To avoid any interobserver variability, a single experienced observer (who already experienced the notational analysis of more than 300 water polo games) scored all the world championship games. Moreover, before the study, the observer scored one of these games twice, where each observation was separated by 7 days, showing a high intraclass correlation coefficient (ICC) (ICC = 0.98).
Descriptive statistics included mean, SDs, and ranges (i.e., minimum and maximum) for each dependent variable. Then, statistical analyses were conducted using an SPSS package (version 17.00; SPSS Institute, Inc., Cary, NC, USA) with a criterion for significance set at p ≤ 0.05. An independent 2-sided t-test was applied on all technical and tactical parameters listed in Table 1 to evaluate the differences between winning and losing teams during close (i.e., W vs.
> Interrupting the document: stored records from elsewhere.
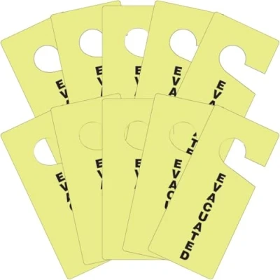 Quickly identify if a room or area has been evacuated 9" x 4" tag is bonded on both sides with glow material and message to be seen in low-light conditions Any light source 'charges' the photoluminescent material Message appears on both sides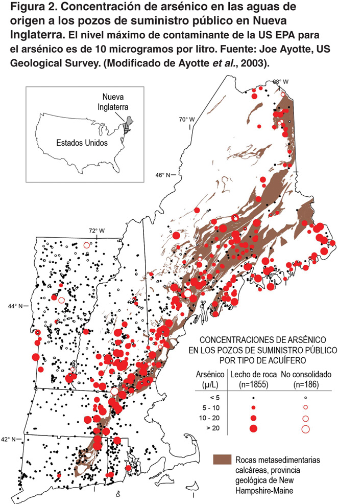 La Agencia de Protección del Medio Ambiente de los Estados Unidos (US EPA, por sus siglas en inglés), regula los suministros públicos de agua para que cumplan con las normas de agua potable, pero no regula los pozos privados. Los propietarios de pozos privados están por su cuenta para monitorear la calidad y mantener la seguridad de sus pozos. Alrededor del 13 por ciento de la población de los Estados Unidos (unos 42 millones de personas), dependen de pozos privados para su suministro de agua potable. La Asociación Nacional de Agua Subterránea (NGWA, por sus siglas en inglés) y varios estados, tienen programas para educar y ayudar a los propietarios de viviendas con pozos privados. Por ejemplo, muchos residentes en Nueva Inglaterra confían en pozos privados completados en roca cristalina, una fuente de altas concentraciones de arsénico en las aguas subterráneas (ver Figura 2). Las agencias ambientales y de salud en Nueva Inglaterra han creado conciencia sobre la necesidad de realizar pruebas de arsénico, pero lograr que las personas actúen ha sido un desafío. El costo, la postergación y el “sesgo optimista” (una tendencia a pensar que uno está más seguro que sus vecinos) se presentan como razones de la falta de pruebas.(3)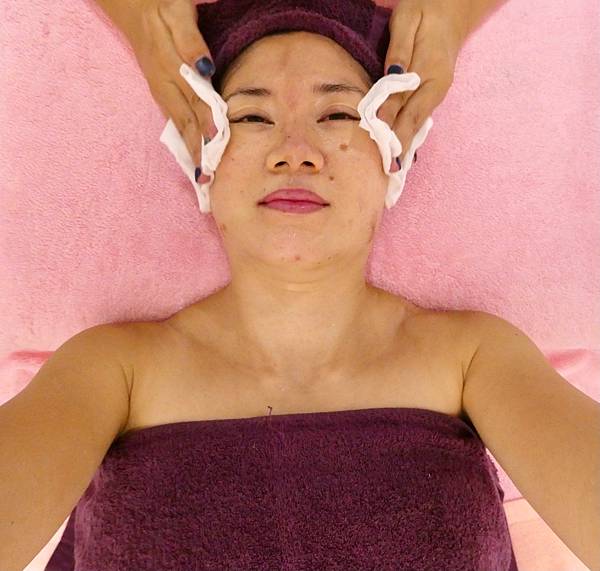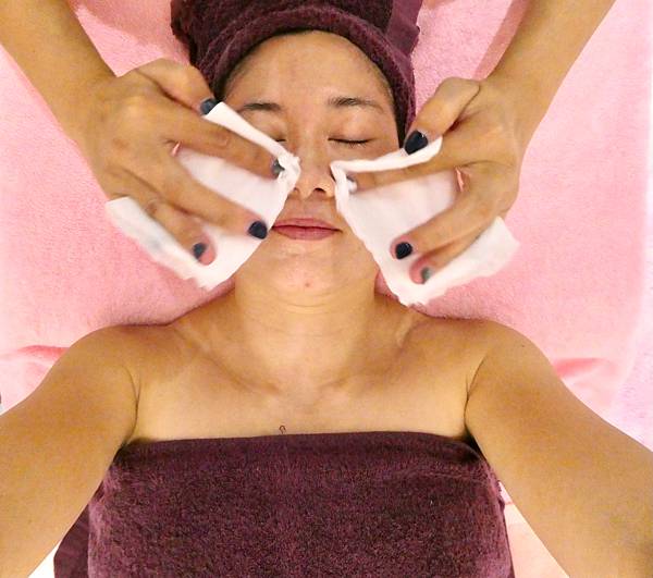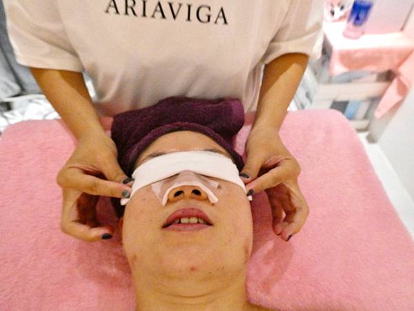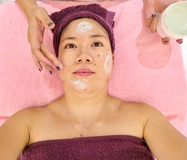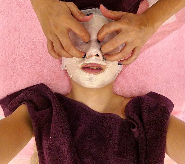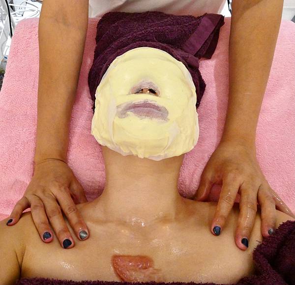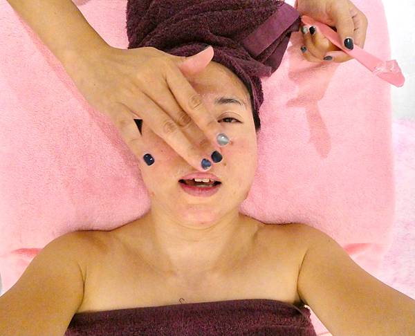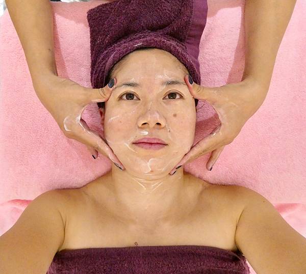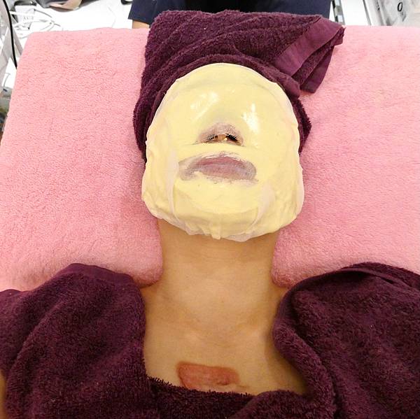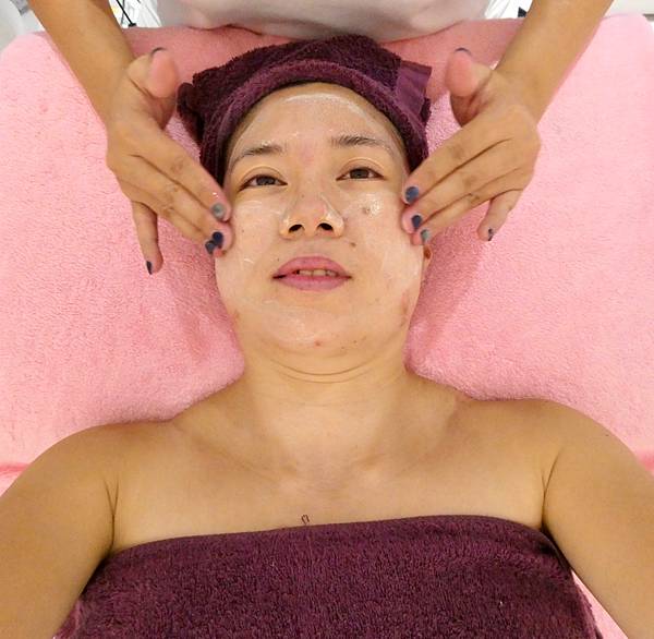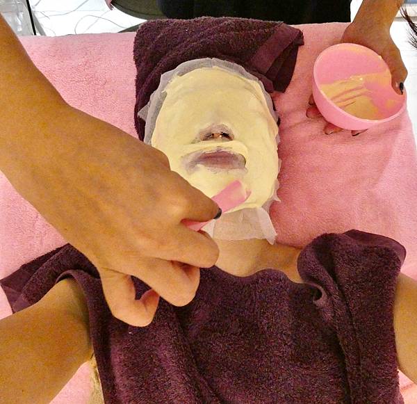 第四步驟:美容師幫Jessica敷面膜,面膜也是依課程是否用到面膜唷!美容師幫我敷兩層面膜。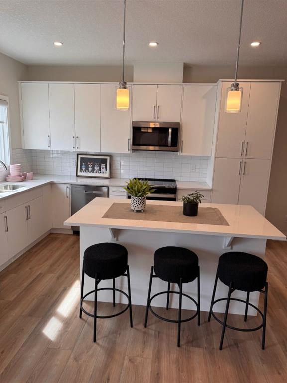 Welcome to this beautiful former West Creek show home in the heart of Wolf Willow. This gorgeous 2 storey duplex has almost 2500 square feet of developed space (developed basement) and comes with 4 bedrooms and 4 bathrooms. This show home comes with many extras including upgraded stainless steel kitchen appliances, washer/dryer, wood deck, modern wall art, kitchen tile backsplash and much much more. The kitchen is large with a very spacious island for preparing and enjoying meals. Bordering the kitchen is a very warm dining area and living room which is perfect for entertaining family and guests. The mudroom leads to the single car, oversized garage. Upstairs there are 3 bedrooms, two bathrooms and a very large and convenient laundry room. The finished basement offers an additional bedroom, 4 pc bathroom and a nice sized family room. Wolf Willow is a very modern and new community in the heart of South Calgary. It is close to schools, shopping, golf and minutes from the South LRT Station. This community is also amazing for active families with endless amounts of trails next to the Bow River. This home comes with access to a private fire pit, gardens for growing vegetables and a lovely picnic area. Come book your showing today and see what South Calgary living is all about.

L) and unbalanced (i.e., MW vs. ML) games. To provide meaningful analysis for comparisons, the Cohen’s ESs were also calculated (3), considering an ES ≤0.2 as trivial, from 0.3 to 0.6 as small, from 0.7 to 1.2 as moderate, and >1.2 as large.
Games with close, unbalanced, and even scores were 44% (n = 21), 50% (n = 24), and 6% (n = 3), respectively. Three games were excluded from the notational analysis because of their even score at end of the fourth quarter. The actual margins of victory were 1.7 ± 0.9 (range, 1–3) goals and 9.9 ± 5.6 (range, 4–22) goals for the close and unbalanced games, respectively. For close games, actions showed no difference between winning and losing teams for the considered playing situations. Conversely, unbalanced games showed effects relative to game outcome for even (p = 0.003, ES = 0.4) and counterattack (p < 0.001, ES = 0.6) actions only (Figure 5).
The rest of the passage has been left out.